On the asylum issue and refugees more generally, I concur with the concerns expressed in responses to earlier questions. With reference to the common travel area, are any of our witnesses picking up any potential tensions on the UK Government side as the UK increasingly diverges from good immigration practice and given that Ireland has a more generous policy? How does that cut across with the UK’s approach, in particular, for those who have come from Ukraine into southern Ireland and then moved into Northern Ireland informally or people who have perhaps diverted and, rather than crossing the English Channel, have come through Ireland to relocate to the UK? Are there any tensions around that?

I have a question largely for Ms Kilpatrick. To go back to any potential human rights legislation unpicking commitments to the European Convention on Human Rights and the domestic Human Rights Act, will she comment on the potential implications for the criminal justice policing reform in Northern Ireland, given that the particular aspects that came out from the Good Friday Agreement were heavily predicated on human rights considerations? Many of the practitioners, including senior police officers, talk about the importance of human rights and that they are now so integral to policing in Northern Ireland that anything that would undermine that would be of concern.

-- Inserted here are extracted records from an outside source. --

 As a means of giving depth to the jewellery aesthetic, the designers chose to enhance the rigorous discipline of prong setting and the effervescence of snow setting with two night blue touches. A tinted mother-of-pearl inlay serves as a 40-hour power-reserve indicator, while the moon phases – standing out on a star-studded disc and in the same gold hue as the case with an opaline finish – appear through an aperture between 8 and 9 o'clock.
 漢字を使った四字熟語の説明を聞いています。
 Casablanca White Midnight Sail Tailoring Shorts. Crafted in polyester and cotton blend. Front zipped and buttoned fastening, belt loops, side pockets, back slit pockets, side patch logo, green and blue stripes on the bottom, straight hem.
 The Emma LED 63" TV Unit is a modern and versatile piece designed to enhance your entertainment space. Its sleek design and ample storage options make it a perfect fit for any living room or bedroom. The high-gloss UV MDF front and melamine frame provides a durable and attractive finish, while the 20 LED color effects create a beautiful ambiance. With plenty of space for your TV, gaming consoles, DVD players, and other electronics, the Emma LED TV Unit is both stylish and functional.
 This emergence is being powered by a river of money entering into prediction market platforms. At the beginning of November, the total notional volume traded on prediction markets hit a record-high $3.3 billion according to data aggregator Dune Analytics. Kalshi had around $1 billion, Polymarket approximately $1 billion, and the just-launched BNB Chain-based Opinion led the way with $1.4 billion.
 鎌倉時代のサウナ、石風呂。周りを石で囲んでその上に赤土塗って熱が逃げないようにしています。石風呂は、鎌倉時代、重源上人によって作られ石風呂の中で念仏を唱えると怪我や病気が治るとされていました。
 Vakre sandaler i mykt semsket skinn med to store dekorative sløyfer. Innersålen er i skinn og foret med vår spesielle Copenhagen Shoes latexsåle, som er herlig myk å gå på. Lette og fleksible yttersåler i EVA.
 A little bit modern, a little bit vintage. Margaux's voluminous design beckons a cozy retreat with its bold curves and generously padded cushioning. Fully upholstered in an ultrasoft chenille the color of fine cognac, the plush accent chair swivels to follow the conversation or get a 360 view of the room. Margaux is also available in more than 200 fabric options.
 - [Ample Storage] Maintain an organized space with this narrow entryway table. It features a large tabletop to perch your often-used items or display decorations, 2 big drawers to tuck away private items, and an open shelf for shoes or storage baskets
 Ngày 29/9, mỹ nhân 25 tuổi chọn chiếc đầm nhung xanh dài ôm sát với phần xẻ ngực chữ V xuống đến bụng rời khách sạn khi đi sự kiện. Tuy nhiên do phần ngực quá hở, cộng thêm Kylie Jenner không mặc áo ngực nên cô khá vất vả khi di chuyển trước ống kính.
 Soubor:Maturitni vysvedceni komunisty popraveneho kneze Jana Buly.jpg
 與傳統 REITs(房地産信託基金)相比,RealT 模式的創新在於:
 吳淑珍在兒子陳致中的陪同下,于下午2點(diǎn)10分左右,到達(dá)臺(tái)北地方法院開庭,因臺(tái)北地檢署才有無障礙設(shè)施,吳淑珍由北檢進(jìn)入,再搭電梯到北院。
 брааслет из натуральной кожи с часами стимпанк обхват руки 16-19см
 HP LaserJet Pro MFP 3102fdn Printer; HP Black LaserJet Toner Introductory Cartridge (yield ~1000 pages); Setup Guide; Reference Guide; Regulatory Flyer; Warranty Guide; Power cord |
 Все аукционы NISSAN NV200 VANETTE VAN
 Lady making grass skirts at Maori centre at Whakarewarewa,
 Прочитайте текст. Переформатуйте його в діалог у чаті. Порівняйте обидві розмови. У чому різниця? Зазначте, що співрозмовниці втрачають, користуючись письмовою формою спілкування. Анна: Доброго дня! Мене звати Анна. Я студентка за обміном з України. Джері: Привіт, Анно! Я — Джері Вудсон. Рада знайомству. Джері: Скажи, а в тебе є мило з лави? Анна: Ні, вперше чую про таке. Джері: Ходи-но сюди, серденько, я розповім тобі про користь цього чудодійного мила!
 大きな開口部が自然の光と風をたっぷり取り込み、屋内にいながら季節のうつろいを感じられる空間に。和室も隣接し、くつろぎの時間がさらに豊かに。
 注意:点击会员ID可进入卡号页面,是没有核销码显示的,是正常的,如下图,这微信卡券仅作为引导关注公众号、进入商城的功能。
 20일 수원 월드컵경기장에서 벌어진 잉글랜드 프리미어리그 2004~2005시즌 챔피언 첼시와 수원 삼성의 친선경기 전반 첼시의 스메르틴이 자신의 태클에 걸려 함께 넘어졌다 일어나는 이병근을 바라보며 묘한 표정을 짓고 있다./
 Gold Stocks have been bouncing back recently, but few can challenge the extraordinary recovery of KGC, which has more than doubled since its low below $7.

I have a question for Ms McGahey from the Equality Commission for Northern Ireland. Earlier today, some of the Northern Ireland census figures were published. One of the big takeaways from those is that religion is becoming an increasingly less reliable indicator of other identities or political persuasions. To what extent do we need to reconsider the approach being taken to issues such as fair employment monitoring? That is another aspect of public policy which is often constructed around two traditions or two communities. Can we still base our statistical analysis of equality considerations around public policy access based on a two-communities model, in particular in light of today’s census figures?